The Hyperion Global Growth Companies Fund (Managed Fund)* returned -1.1% for April, underperforming its benchmark (MSCI World Accumulation Index (AUD)) by 4.3%. Intuitive Surgical, Inc., Meta Platforms Inc., and Hermes International SCA saw the largest positive share price movements while Tesla, Inc., Roku, Inc., and Block, Inc. saw the largest share price declines over the month.
The first quarter reporting season for the global strategy has been very encouraging as a number of companies surprised on the upside, with revenue and earnings exceeding market expectations. We’ve seen a shift of focus from many companies to achieving bottom-line growth (earnings), rather than just top line (revenue) which we view as a positive move.

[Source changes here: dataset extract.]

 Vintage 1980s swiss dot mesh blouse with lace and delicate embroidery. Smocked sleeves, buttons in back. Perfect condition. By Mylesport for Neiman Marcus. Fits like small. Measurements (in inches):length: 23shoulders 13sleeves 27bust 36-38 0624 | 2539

We believe this shift, coupled with the structural growth themes that we identify within our portfolios, is enabling our portfolio companies to continue their growth and profitability in a challenging consumer landscape. Ultimately, profitable businesses that grow by taking market share will become more valuable and should be in a better position to produce attractive returns over the long term.

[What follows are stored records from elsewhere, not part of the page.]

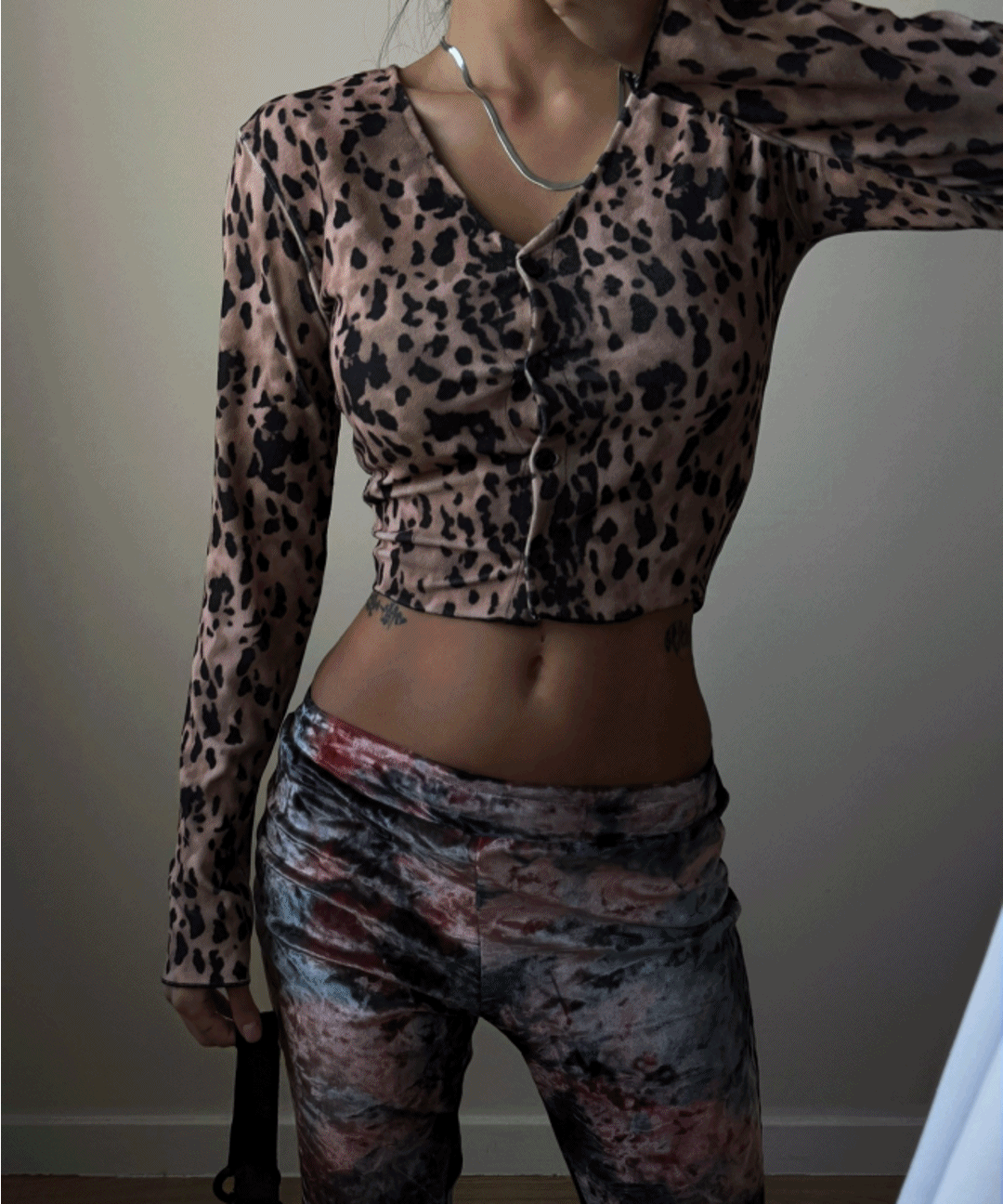 핫 레오파드 버튼 가디건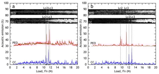 Micrograph of a full scratch, critical loads, and acoustic emission of PEO and composite coatings after 30 days of atmospheric exposure (a) and marine immersion (b).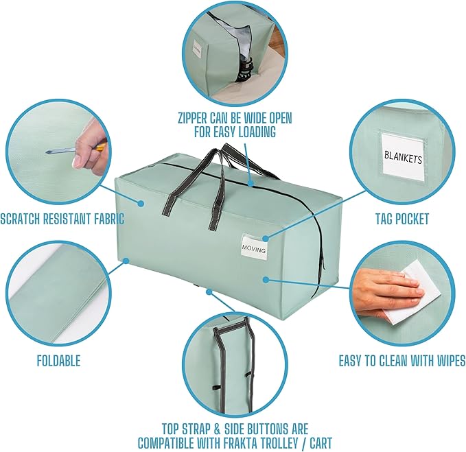 - Clear Tag Pocket & Wide Opening – Say goodbye to the frustration of searching for your belongings. Make a custom label and insert it into the clear tag pocket for easy identification of items like blankets, bedding, pillows, and clothes. Remember to use this labeling feature for organizing college dorm room essentials, moving to a new home, or storing items in the garage. The bag is equipped with dual extended zippers, creating a wide opening that allows for effortless access to stored items.

The Hyperion Global Growth Companies Fund (Managed Fund)* returned 8.4% for March, outperforming its benchmark (MSCI World Accumulation Index (AUD)) by 4.5%. Salesforce, Inc., Meta Platforms, Inc., and Microsoft Corp. saw the largest positive share price performance while Block Inc. (Block) was the only position to see share price declines over the month.
It has been a very encouraging start to the year for our global strategy which has pleasingly responded well to several factors, including a strong reporting season and a continued decline in U.S. inflation which has seen a reduction in 10-year U.S. Treasury yields from a recent peak in October 2022. However, the unprecedented rise in interest rates by central banks has produced some casualties including Silicon Valley Bank, Signature Bank, and First Republic Bank. Hyperion did not and does not have any direct exposure to any of these companies nor any other mid/lower tier bank or traditional financial institution. We believe the recent events in the banking system may result in slowing credit growth and should be a net positive for long duration and higher quality assets.
While many of Hyperion’s portfolio companies have risen strongly since the start of the year, Block has underperformed recently after being the target of a short seller’s report. Overall, it is not unusual for Hyperion’s portfolio companies to face short sellers; this has occurred numerous times in the past. It is a function of our holdings being highly innovative businesses that are often difficult to assess.
Our ability to deeply analyse businesses is a key driver of our longterm success. We are however humble and cognisant that ‘short’ reports can in certain instances present information that may not be known to the market and/or ourselves. Following our initial review, we believe the evidence provided by Hindenburg’s short report is largely anecdotal and subjective and in our view is sensationalised.
The Hyperion Global Growth Companies Fund (Managed Fund)* returned 4.4% for February, outperforming its benchmark (MSCI World Accumulation Index (AUD)) by 2.3%. Tesla Inc, Meta Platforms Inc and Roku Inc. saw the strongest share price performance while Alphabet Inc., Amazon.com Inc and Intuitive Surgical, Inc. saw the largest price declines over the month. As we progress through the start of the year, Hyperion has been pleased with a number of our global companies’ full-year financial reports. Share prices over the month have responded positively to favourable financial reports released in February.